Explaining HIV versus AIDS to patients

[3:27]
A common question patients ask is, “I have HIV, does this mean I have AIDS?” The answer is no, not automatically. AIDS is a term that can sometimes be confusing and carry stigma. For standardization purposes, we'll still use the term AIDS in this course, but it's increasingly being replaced with terms like advanced HIV disease, which is clearer and less stigmatizing.

AIDS-defining illness and advanced HIV disease

[3:53]
There are two ways we can identify AIDS or advanced HIV disease. The first is when patients develop certain opportunistic infections or cancers that occur because the immune system is severely weakened. These are known as AIDS-defining illnesses. In people with healthy immunity, these conditions are uncommon or much less severe. We'll look at the most important of these illnesses in more detail in the upcoming lessons.

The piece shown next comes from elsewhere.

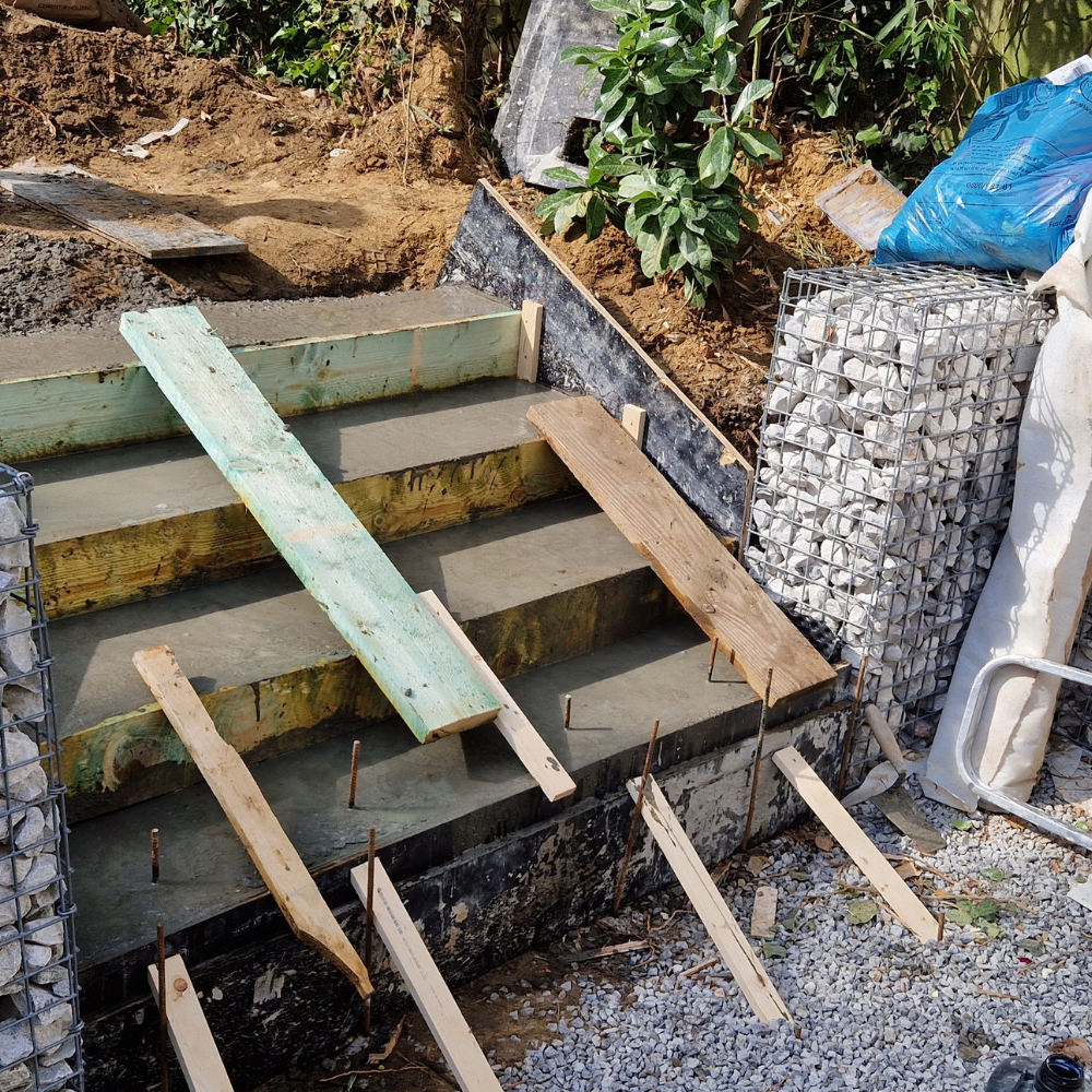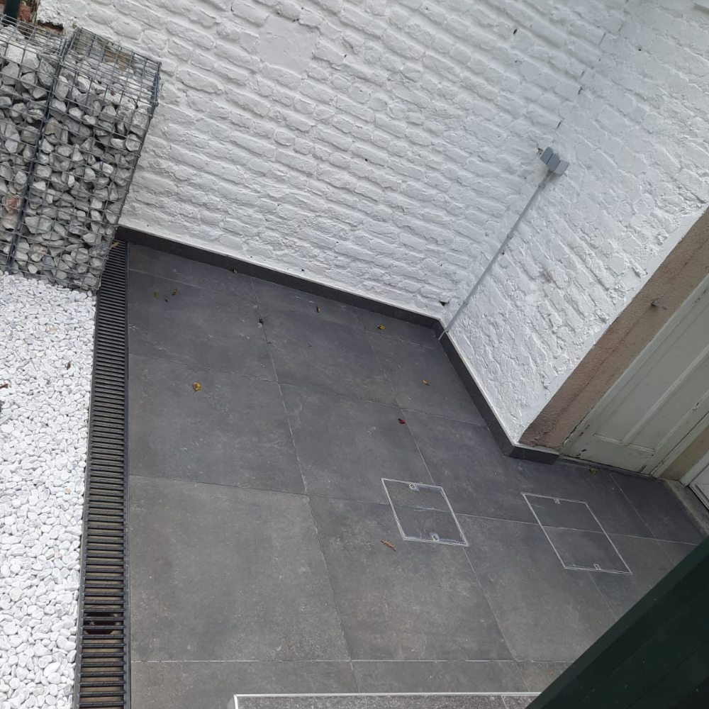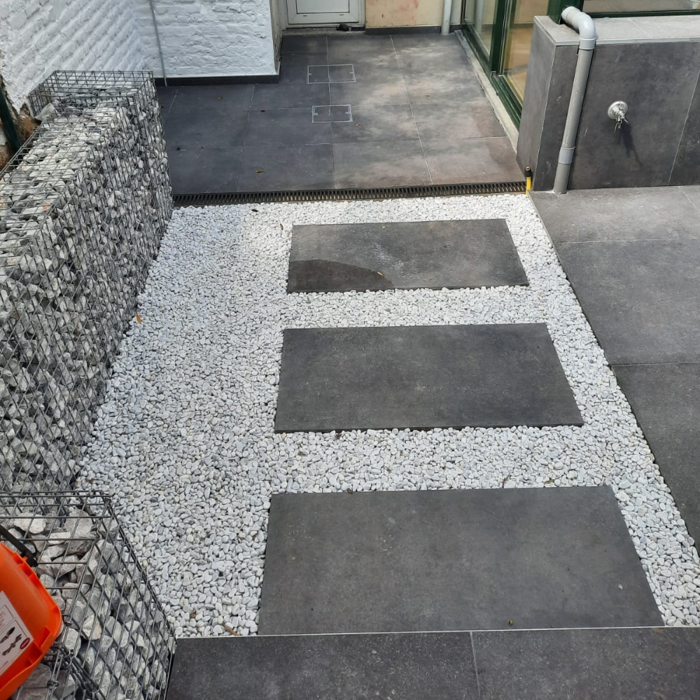 Création d'une terrasse extérieure et aménagement de cour. Le projet a nécessité du terrassement, l'évacuation de terre, et la pose de nouveaux pavés combinés à des murs de soutènement en gabions (cages métalliques remplies de pierres) pour structurer l'espace.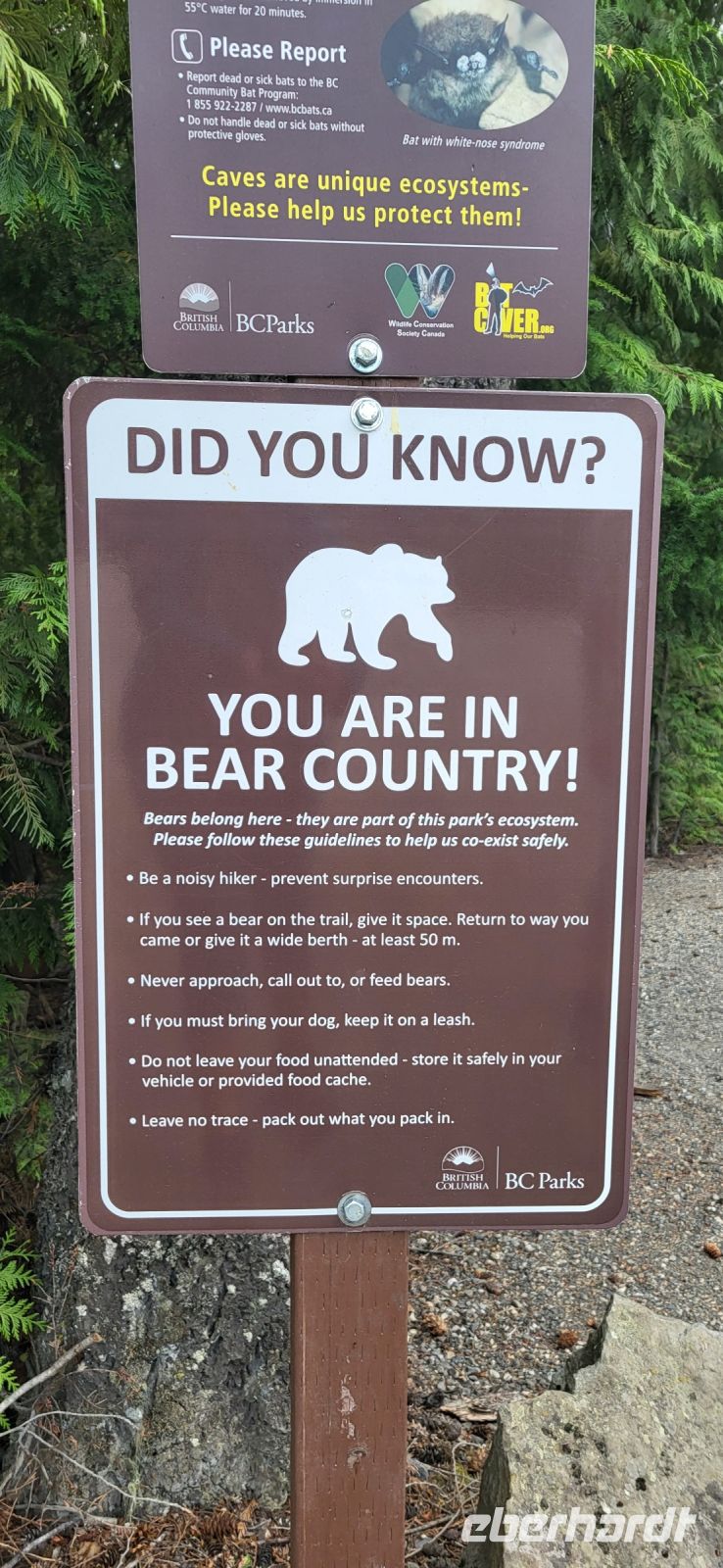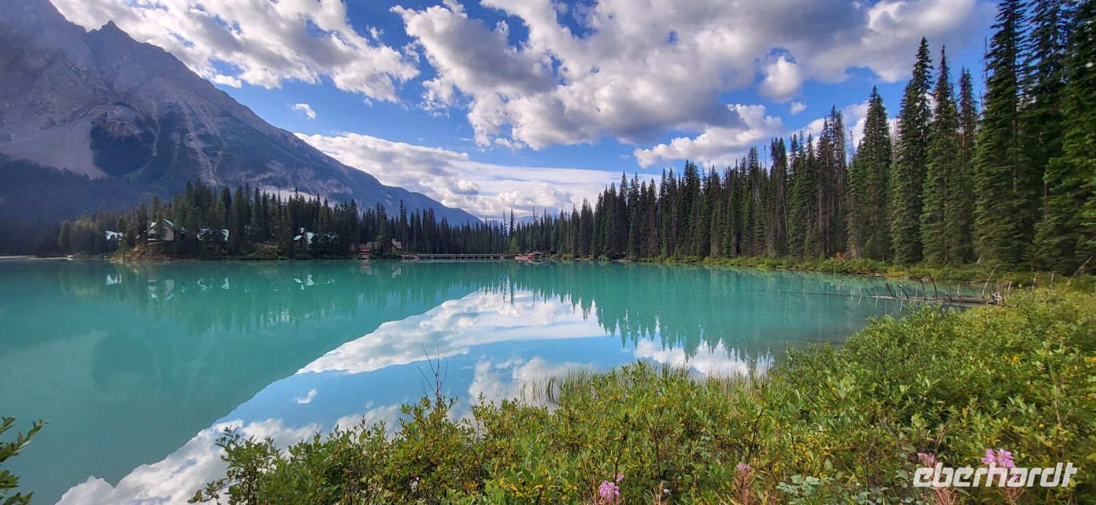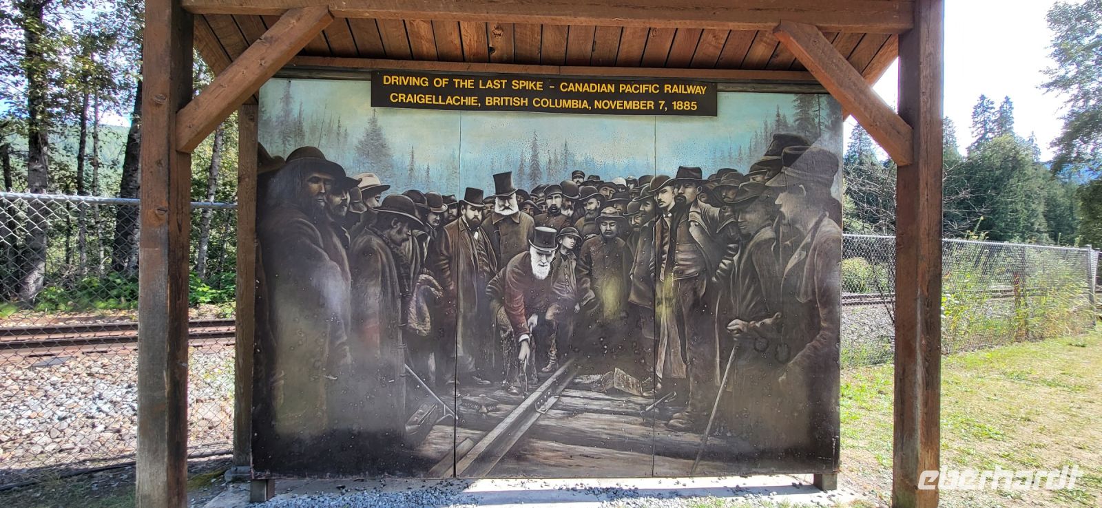 Nach einer erholsamen Nacht und einem fürstlichen Frühstück im Lake Louise Inn verlassen wir den bekannten Skiort und ziehen weiter zum sogenannten Spiral Tunnel. Hier haben wir das große Glück, dass genau jetzt ein Zug zu sehen ist, wie er sich durch den Tunnel bergauf schlängelt. Kurz darauf erreichen wir den „Smaragd See“. Am Emerald Lake angekommen unternehmen wir einen schönen Spaziergang am See entlang, dessen smaragdgrünes Wasser eine wunderschöne Fotokulisse bietet. Erneut profitieren wir von den frühen Morgenstunden, denn es ist noch leer und nur wenige Touristen außer uns unterwegs. Die Kulisse, die Spiegelung des Sees, einfach ein „magic moment“, den wir in uns aufnehmen und auch auf zahlreichen Fotos festhalten. Der nächste Halt erfolgt am Spiral Tunnel und haben dort das große Glück gleich zwei Züge hintereinander zu sehen, die sich durch den Tunnel bergauf quälen. Weiter geht es zur sogenannten Naturbrücke „Natural Bridge“, durch die sich der Bow River kämpft. Ein erneut herrliches Naturspektakel, eingebettet in die Bergwelt der Rocky Mountains. Am Giant Cedar Boardwalk unternehmen wir einen schönen Spaziergang zu den Baumriesen und befinden uns unweit der Straße inmitten wunderbarer Natur. Ein gut ausgebauter Holzweg führt und zu den Giganten und wir haben viel Spaß damit, diese gemeinsam mit uns auf einem Foto zu verewigen. Historisch wird es erneut bei Last Spike, hier wurde vermeintlich der letzte Nagel in die Eisenbahnschienen gehauen und somit die Fertigstellung der Eisenbahnlinie von Quebec und Montreal im Osten und Vancouver im Westen 1885 besiegelt. Am späten Nachmittag und 450 Km weiter erreichen wir Kamloops, wo sich uns ein völlig neues Landschaftsbild bietet. Die Natur ist nun karger und wesentlich trockener. Hier liegt der besondere South Thompson Inn, der idyllisch am Fluss gelegen ist. Amüsiert nehmen wir das Warnschild auf der Zufahrt zur Kenntnis, welches auf hier lebende Schildkröten hinweist. Ein schönes BBQ Dinner auf der gemütlichen Terrasse am Thompson River rundet einen weiteren erlebnisreichen Tag ab.

Defining advanced HIV disease by CD4 count

[4:22]
The second way AIDS, or advanced HIV disease, is defined is by a CD4 count below 200. This threshold reflects severe immune suppression. As a reminder, CD4 cells, also known as T helper cells, are white blood cells that direct immune responses. HIV progressively depletes CD4 cells, weakening the immune system over time. A higher CD4 count indicates a stronger immune system, while a lower CD4 count increases infection vulnerability.

Treating advanced immunosuppression in HIV

[4:58]
While treatment is important at every stage of HIV, it becomes especially critical once a patient reaches this stage of advanced immunosuppression. At this point, care focuses not only on reducing the viral load and restoring immune function, but also on providing prophylaxis against opportunistic infections that occur at lower CD4 counts. Taken together, these interventions dramatically reduce mortality and improve long-term outcomes.